TCDB is operated by the Saier Lab Bioinformatics Group

1.C.73 The Pseudomonas Exotoxin A (P-ExoA) Family

Exposure to low endosomal pH during internalization of Pseudomonas exotoxin A (PE) triggers membrane insertion of its translocation domain. This process is a prerequisite for PE translocation to the cytosol where it inactivates protein synthesis. Although hydrophobic helices enable membrane insertion of related bacterial toxins such as diphtheria toxin, the PE translocation domain is devoid of hydrophobic stretches. The structural features triggering acid-induced membrane insertion of PE have recently been elucidated (Méré et al., 2005). At neutral pH, a Trp is buried in a hydrophobic pocket, closed by the smallest α-helix of the translocation domain. Upon acidification, protonation of the Asp that is the N-cap residue of the helix leads to its destabilization, enabling Trp side chain insertion into the endosome membrane (Méré et al., 2005). This tryptophan-based membrane insertion system is similar to the membrane-anchoring mechanism of human annexin-V.

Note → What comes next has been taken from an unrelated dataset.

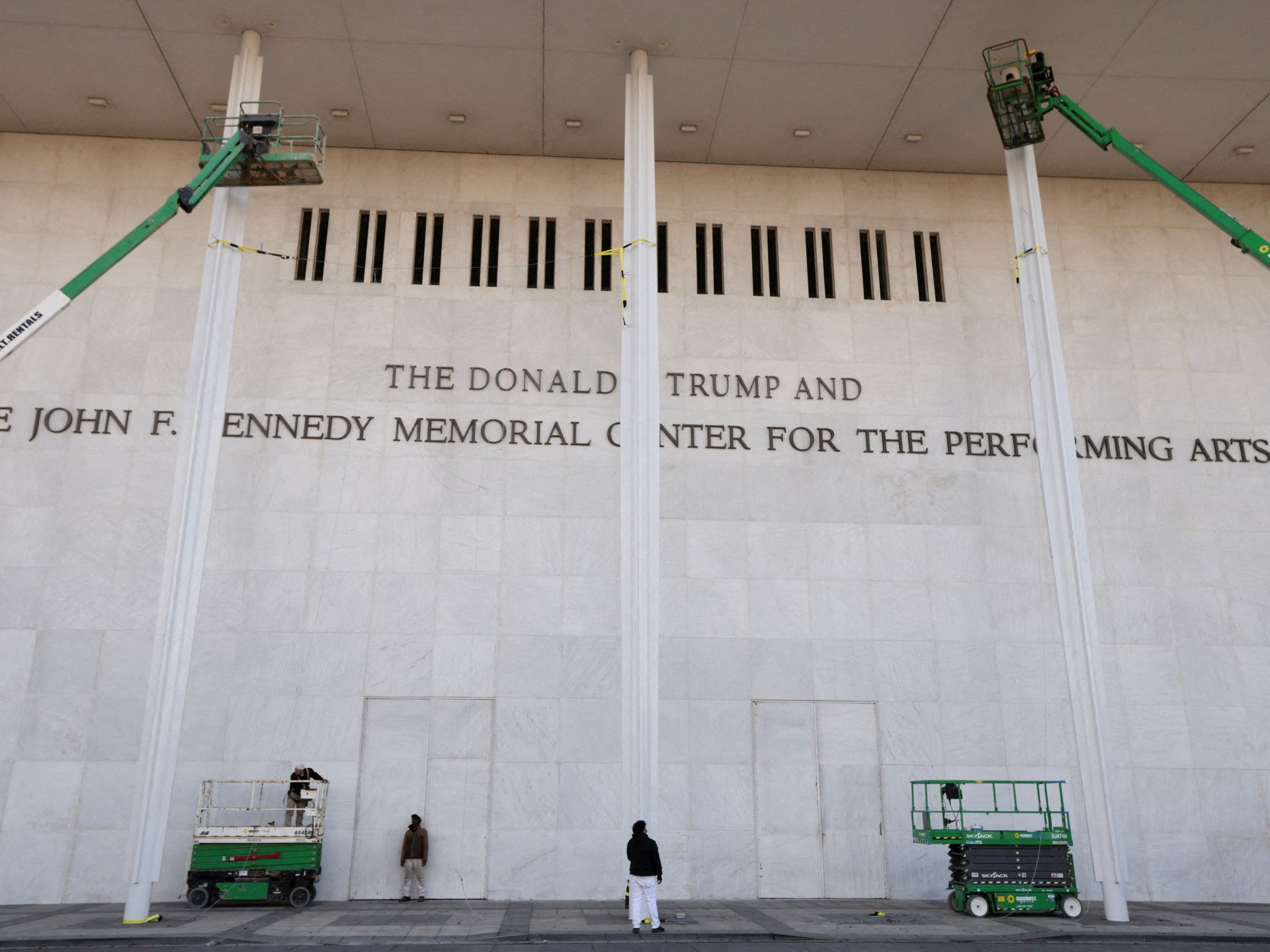 Workmen added metal lettering to the building’s exterior on Friday that declared, “The Donald J Trump and the John F Kennedy Memorial Center for the Performing Arts.”

P-ExoA is 613 aas long and consists of 3 structural/functional domains. Domain I binds to the α2-macroglobulin/low density lipoprotein receptor-related protein, enabling internalization via receptor-mediated endocytosis. Domain II then mediates translocation into the cytosol of the entire toxin or of a carboxyl-terminal fragment generated by furin proteolysis and encompassing domain III and most of domain II. Finally, domain III catalyzes the ADP ribosylation of elongation factor 2, thereby inhibiting protein synthesis and killing the cell.

P-ExoA has only one homologue in the current (7/05) NCBI database, a hypothetical exotoxin A from Vibrio cholerae. It is 666 aas long and exhibits 33% identity with P-ExoA throughout almost all of its length. A C-terminal domain (residues 436-502) shows significant sequence similarity (27% identity) with a region (42-167) of diphtheria toxin from C. diphtheriae (TC #1.C.7.1.1) as well as a region (116-239) with 22% identity with a region (314-420) of a putative exported protein from Yersinia species such as Y. pestis (806 aas; AAS62938).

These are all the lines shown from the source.